7. Restrictive Covenants. The Director acknowledges that his compensation is partly in consideration of and conditioned upon Director agreeing to the covenants contained in this Section and the restrictions set forth herein are a material inducement to the Company’s agreement with the Director hereunder, accordingly, the Director agrees that as long as Director shall remain a member of the Board of the Company, and for a period of Eighteen (18) months thereafter.

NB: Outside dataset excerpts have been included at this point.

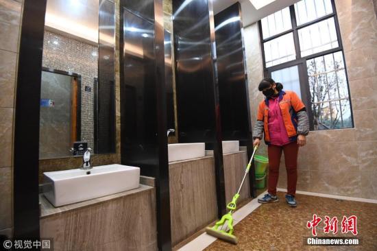 资料图:清洁员在清扫公厕。 图片来源:视觉中国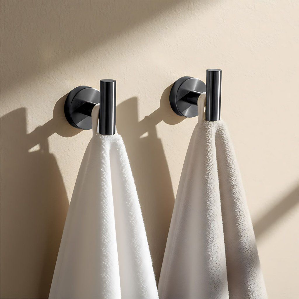 Sada obsahuje všetky kľúčové kúpeľňové doplnky na jednom mieste: držiak na uterák, držiak na toaletný papier a dva háčiky. Vďaka jednotnému dizajnu a farebnej konzistencii celá súprava pôsobí kompaktne a premyslene v každej kúpeľni.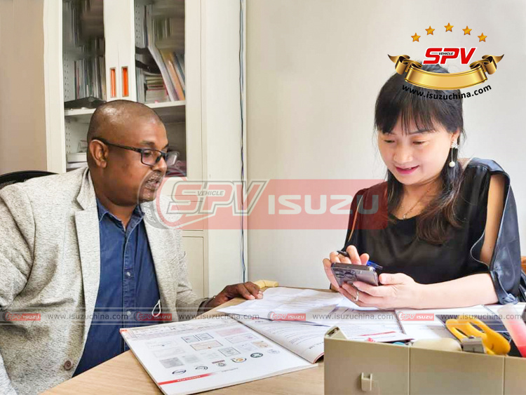 Mrs Chen and client talking about vacuum truck in Shanghai office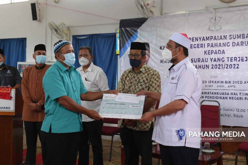 Pengerusi Jawatankuasa Hal Ehwal Agama Islam dan Pelajaran Negeri Pahang, YB. Dato’ Sri Syed Ibrahim Syed Ahmad yang mewakili YAB Menteri Besar Pahang, Dato’ Sri Haji Wan Rosdy Wan Ismail menyampaikan sumbangan kepada Masjid dan Surau Yang Terjejas Banjir Tahun 2021/2022 di Masjid Kampung Lechar, di Raub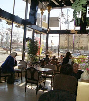 In addition to a grocery store with dry goods, pickles, beans, bulgar, barley, and nuts from Iran, Turkey, Israel and Lebanon, the café serves salads, sandwiches, and kabobs with chicken, beef, and lamb. Sam pointed out that their method of cooking the meats removes the fats making the dishes quite healthy. The Café goes light on the spices. Aash, a thick fortifying peasant soup of lentils, red kidney beans and vermicelli noodles, tops the menu. Even on a chilly winter day, the sun pouring in the walls of windows created a bright spot to eat lunch. The bakery had trays of baklava and almond cookies.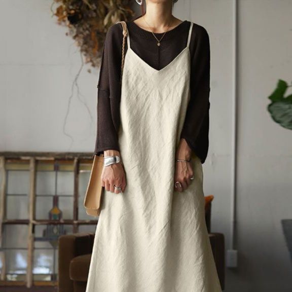 細めの肩紐とゆったりとしたシルエットで体型をさりげなくカバーし、リラックス感のある雰囲気を演出します。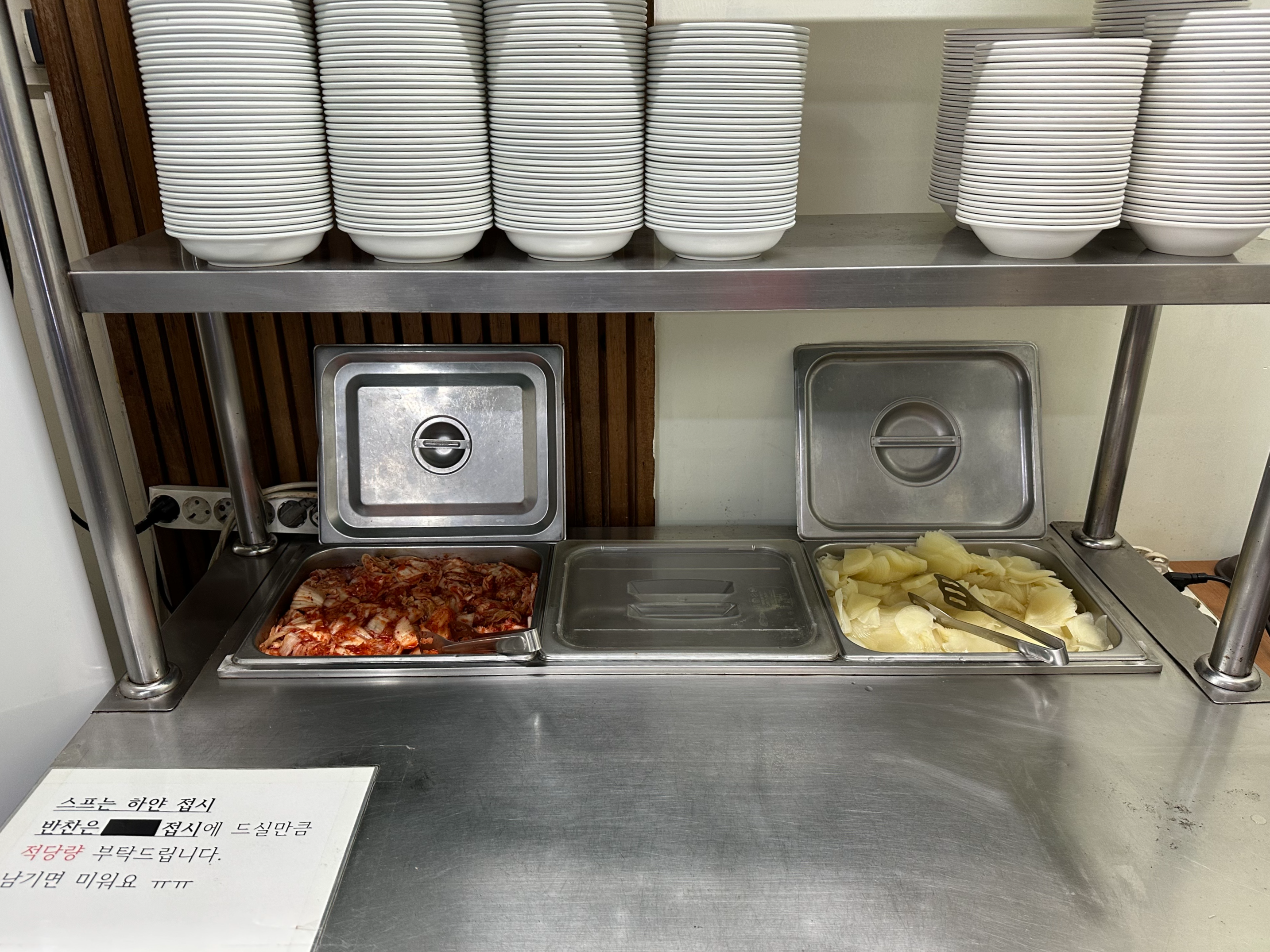 셀프 반찬코너 옆에 수프코너도 마련되어 있다.

Director will not directly or indirectly, individually, or through any other person or corporate or other business entity, except on behalf of the Company:

 

(a) Employ, engage or solicit (or attempt to employ, engage or solicit) any person who at that time is, or at any time during the preceding Eighteen (18) month period was, in the employ of the Company, or any of its subsidiaries, or any Client (as defined below); or

 

(b) Solicit business from or render any services to or for any Client or in each case whether or not the relationship between the Company and such Clients or was originally established in whole or in pan through Director’s efforts without Company’s written permission; or

 

(c) Attempt in any manner to persuade any Client to cease or to reduce the amount of business which such Client has customarily done or contemplates doing with the Company; or

 

(d) Make any statement, public or private, concerning the internal business of the Company or any of the Company’s Clients.

 

7.1. Exceptions. Any potential conflicts between Director’s service on the Board and Director’s employment elsewhere must immediately he brought to the attention of the Board. The Company and the Director may reach mutual understandings and agreements regarding on-going relationships with specific Clients or projects, such understandings or agreements shall he evidenced in writing and signed by the Company and the Director.

 

7.2. Clients. A “Client” means any current, former or prospective Client of the Company and any joint venture partners, any co-owners in any subsidiary or affiliate of the Company, or any party with which the Company has joined in a common enterprise for the service of Clients.

 

8. Non-Conflict. Director represents and warrants that he has the ability and right to enter into this Agreement and that his service on the Board is not in conflict with any non-compete clause or agreement, employment agreement or any other arrangement Director may have with another individual or company. Director shall immediately notify the Company if has reason to believe that his ability to serve on the Board is in any way compromised through his employment elsewhere or his entrance into an agreement or contract with a third party.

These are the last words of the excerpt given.